The term “processing platform” as used herein is intended to be broadly construed so as to encompass, by way of illustration and without limitation, multiple sets of processing devices and associated storage systems that are configured to communicate over one or more networks. For example, distributed implementations of information processing system environment 100 are possible, in which certain components of the system reside in one data center in a first geographic location while other components of the system reside in one or more other data centers in one or more other geographic locations that are potentially remote from the first geographic location.
Thus, it is possible in some implementations of the system for cloud computing sites 102, edge computing sites 104, edge devices 106, and application monitoring engine 120, or portions or components thereof, to reside in different data centers. Distribution as used herein may also refer to functional or logical distribution rather than to only geographic or physical distribution. Numerous other distributed implementations are possible.
In some embodiments, information processing system environment 100 may be implemented in part or in whole using a Kubernetes container orchestration system. Kubernetes is an open-source system for automating application deployment, scaling, and management within a container-based information processing system comprised of components referred to as pods, nodes and clusters. Types of containers that may be implemented or otherwise adapted within the Kubernetes system include, but are not limited to, Docker containers or other types of Linux containers (LXCs) or Windows containers. Kubernetes has become the prevalent container orchestration system for managing containerized workloads. It is rapidly being adopted by many enterprise-based IT organizations to deploy its application programs (applications). By way of example only, such applications may include stateless (or inherently redundant applications) and/or stateful applications. While the Kubernetes container orchestration system is used to illustrate various embodiments, it is to be understood that alternative container orchestration systems, as well as information processing systems other than container-based systems, can be utilized.

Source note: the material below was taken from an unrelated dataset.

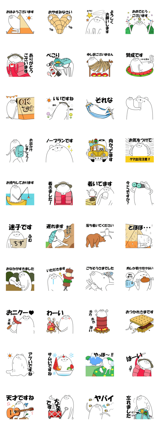 スタンプ説明 太ましいクマがアウトドアに挑戦!

Some terminology associated with the Kubernetes container orchestration system will now be explained. In general, for a Kubernetes environment, one or more containers are part of a pod. Thus, the environment may be referred to, more generally, as a pod-based system, a pod-based container system, a pod-based container orchestration system, a pod-based container management system, or the like. As mentioned above, the containers can be any type of container, e.g., Docker container, etc. Furthermore, a pod is typically considered the smallest execution unit in the
Kubernetes container orchestration environment. A pod encapsulates one or more containers. One or more pods are executed on a worker node. Multiple worker nodes form a cluster. A Kubernetes cluster is managed by at least one manager node. A Kubernetes environment may include multiple clusters respectively managed by multiple manager nodes. Furthermore, pods typically represent the respective processes running on a cluster. A pod may be configured as a single process wherein one or more containers execute one or more functions that operate together to implement the process. Pods may each have a unique Internet Protocol (IP) address enabling pods to communicate with one another, and for other system components to communicate with each pod. Still further, pods may each have persistent storage volumes associated therewith. Configuration information (configuration objects) indicating how a container executes can be specified for each pod. It is to be appreciated, however, that embodiments are not limited to Kubernetes container orchestration techniques or the like.
Additional examples of processing platforms utilized to implement cloud computing sites 102, edge computing sites 104, edge devices 106, application monitoring engine 120, and other components of the information processing system environment 100 in illustrative embodiments will be described in more detail below in conjunction with
As explained above, when an information processing system environment is distributed in nature such as, for example, information processing system environment 100, service impairment isolation can be significantly hampered. In addition, when the applications that are executed in the information processing system environment, e.g., cloud-hosted applications 108 and edge-hosted applications 110, are microservices, the nature of microservices can greatly exacerbate service impairment isolation. Referring now to
More particularly, as will be explained in detail below, process 200 is configured as a multiphase approach for isolating potential malfunctioning microservices. It is assumed that process 200 is provided with one or more anomalies and/or faults (anomalous behavior) that have been detected in information processing system environment 100. A system fault or network fault will initiate several anomalies as applications on the affected systems or network segment will fail. Illustrative embodiments segment the system malfunctions and identify potential failing services.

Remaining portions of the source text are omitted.